03/03/2026
Ce soir, mon cœur est traversé par une forme d’inquiétude face à l’agitation du monde.
Les bouleversements climatiques, les déséquilibres écologiques, les tensions politiques… tout semble révéler un manque d’humilité profond.
Je me demande à quel moment l’être humain acceptera qu’il ne peut pas tout maîtriser.
À quel moment il comprendra que chaque action porte en elle une conséquence, que chaque choix influence l’équilibre fragile du vivant.
Nous avons longtemps cru pouvoir contrôler, exploiter, modeler le monde à notre image.
Mais peut-être est-il temps de changer de regard.
De ralentir.
D’observer.
D’écouter.
La nature, elle, suit ses cycles.
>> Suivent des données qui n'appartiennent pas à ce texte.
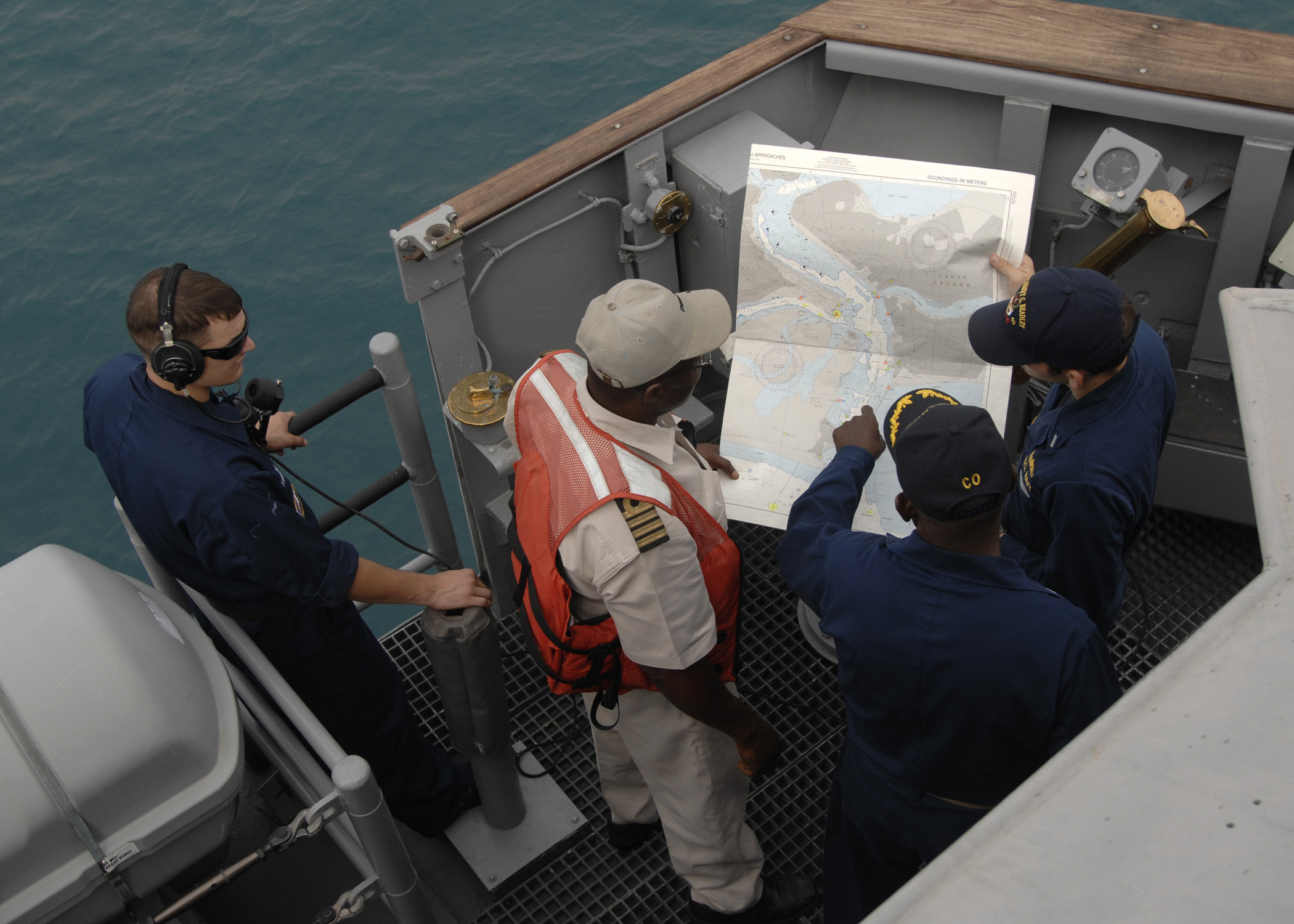 LAGOS, Nigeria (April 5, 2011) Cmdr. Darryl Brown, commanding officer of the guided-missile frigate USS Robert G. Bradley (FFG 49), talks with a Nigerian pilot while navigating into the port of Lagos in support of Africa Partnership Station (APS) West. APS is an international security cooperation initiative designed to strengthen global maritime partnerships through training and collaborative activities to improve maritime safety and security in Africa.

Elle ne lutte pas contre ce qu’elle est.
Elle s’adapte, elle transforme, elle reprend toujours ses droits.
Elle nous enseigne la patience, l’interdépendance, l’équilibre.
Peut-être que l’éveil commence là :
dans la prise de conscience que nous faisons partie d’un tout,
que nous ne sommes pas au-dessus,
mais au cœur du vivant.
Il est peut-être temps de nous inspirer de la nature,
non pas pour la dominer,
mais pour apprendre à vivre en harmonie avec elle.